Power Metal Resources (AIM:POW) is banking on a set of monster results from an upcoming drill campaign in Botswana.
The Molopo Farms project is targeting prospective massive nickel sulphide mineralisation in the southwest of the country.
The company now reports that its privately-held JV partner Kalahari Key Mineral Exploration Pty Ltd (“KKME”) has carried out electromagnetic surveys across the license area, highlighting eight high-priority targets prospective for the valuable metal.
Four of the best targets have now been selected for drill testing, and fieldwork has confirmed that each of these shows good depth extension.

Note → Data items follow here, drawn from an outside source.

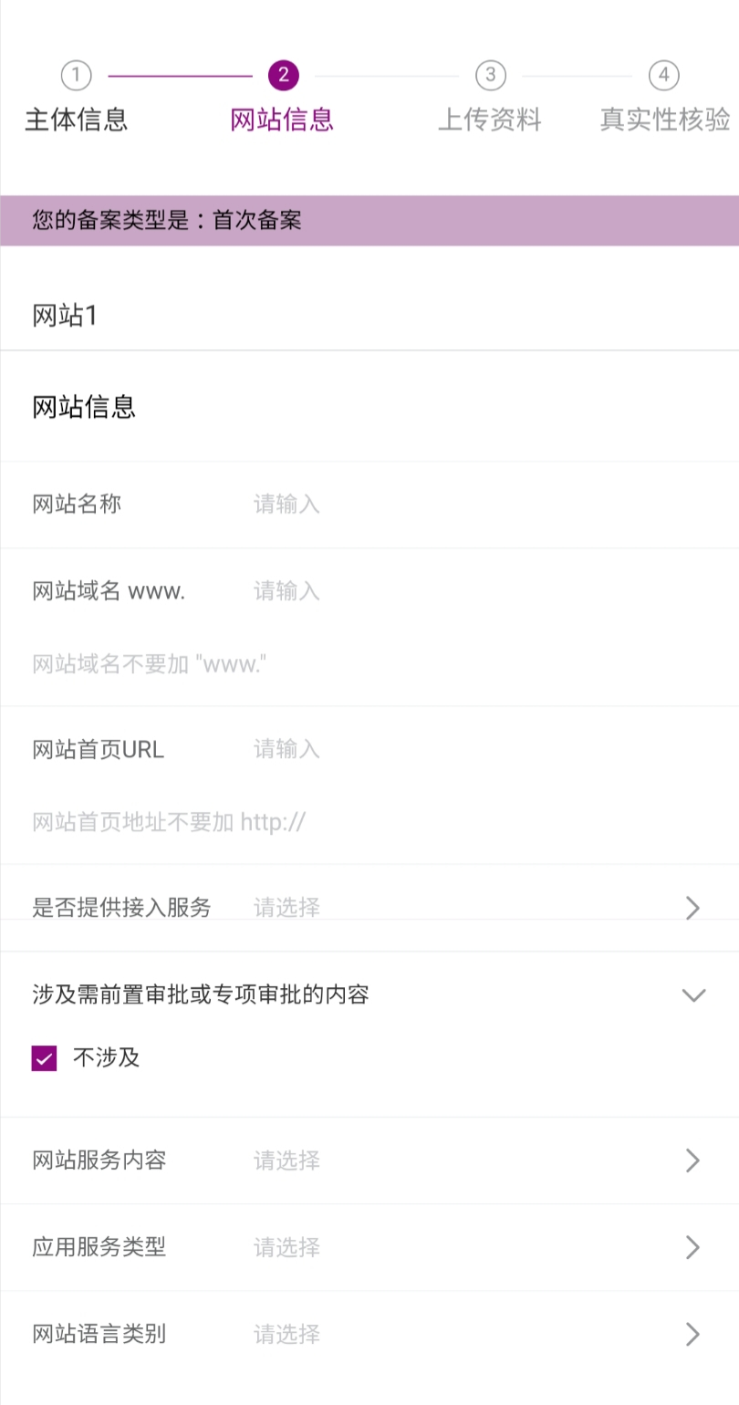 1、已确定主办单位信息;已购买紫光云服务器及IP;域名已注册。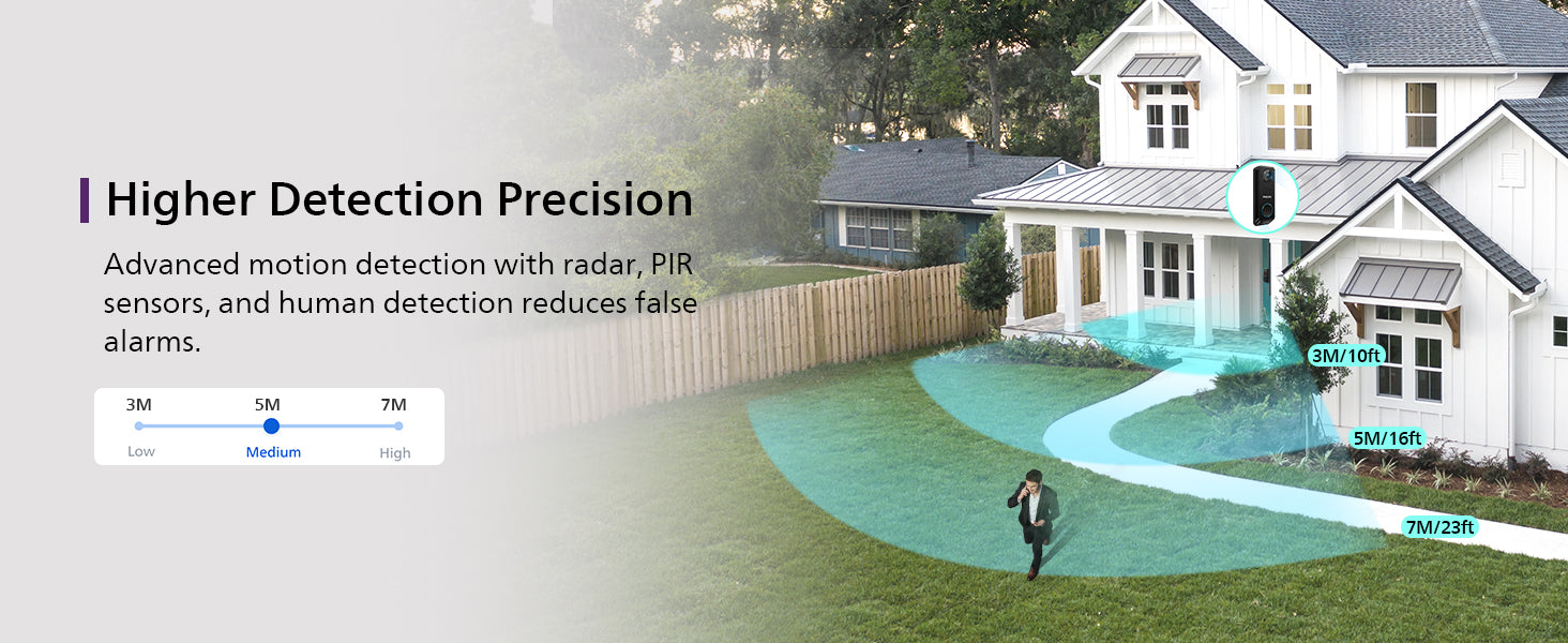 Advanced Motion Detection: Features radar, PIR sensors, and human detection for accurate alerts. "Package Guard" ensures delivery notifications and reminders.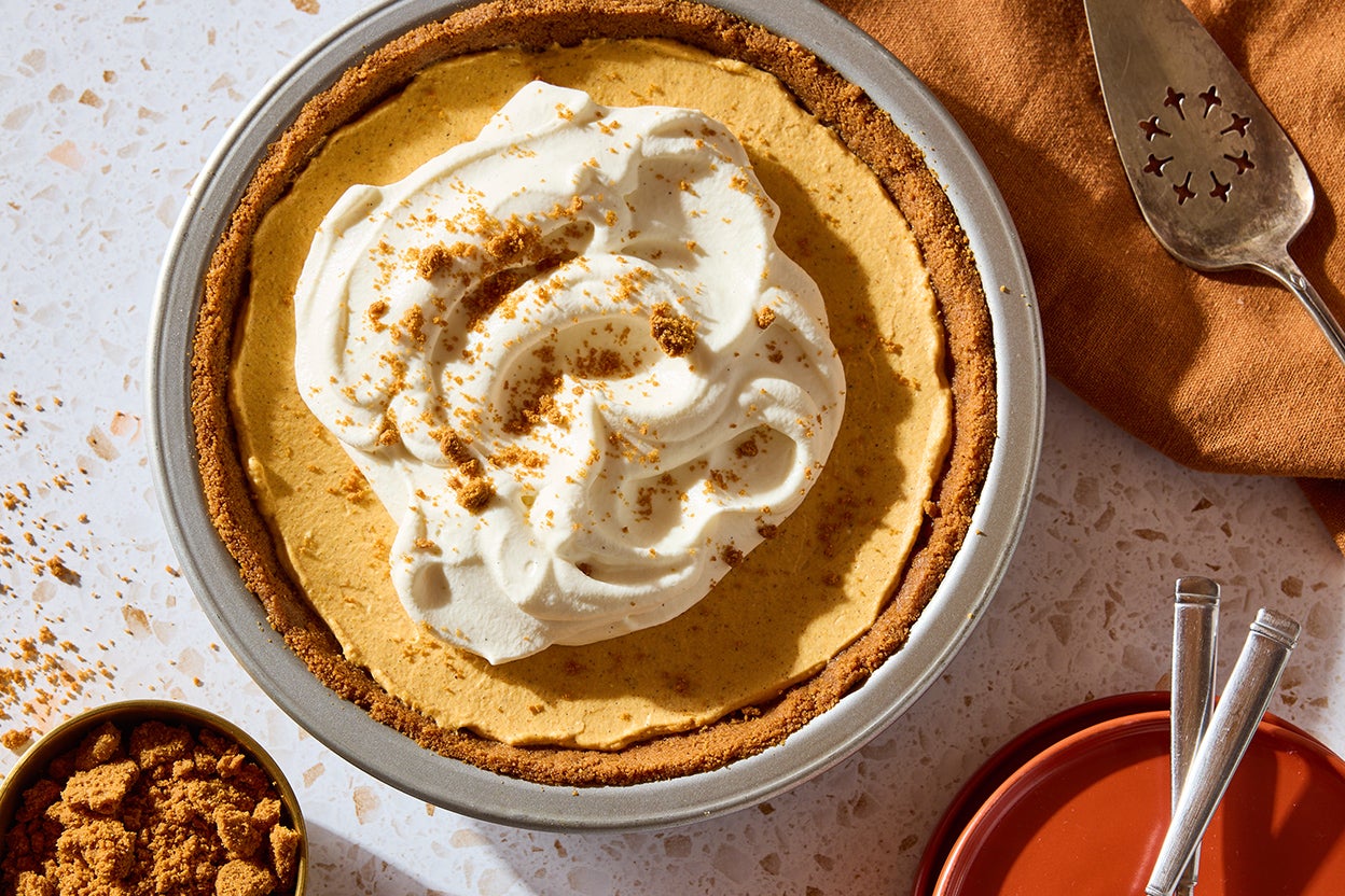 Your oven is busy enough during the holidays, so give it (and yourself!) a break with this light and airy pumpkin mousse pie. A great no-bake alternative to classic pumpkin pie, it consists of a Biscoff cookie crust, a creamy, warmly spiced pumpkin filling, and, of course, a pile of whipped cream on top. If you’d rather skip the crust and go straight for the mousse, see “tips” below for dividing the filling into individual servings worthy of any dinner party.

The surveys show that conductivity also increases with depth, which indicates probable large mineralisation deep in the rock substrata.
Nickel is highly conductive of electricity, which makes it a superb metal for use in industrial alloys for stainless steel and especially electric car batteries.
This property also means nickel deposits can be identified with relative ease underground by electromagnetic surveys.
Chief executive Paul Johnson told the market:
“These results show very good correlation to both the ground and high-resolution airborne EM results, adding significant resolution to the depth, size and shape for prospective massive nickel sulphide targets.
“We are looking forward to receiving the full geophysical analysis and report ahead of KKME commencing drilling.”
If the drill results point towards big nickel sulphide deposits as expected, then Power Metal could be approaching an entirely transformational period.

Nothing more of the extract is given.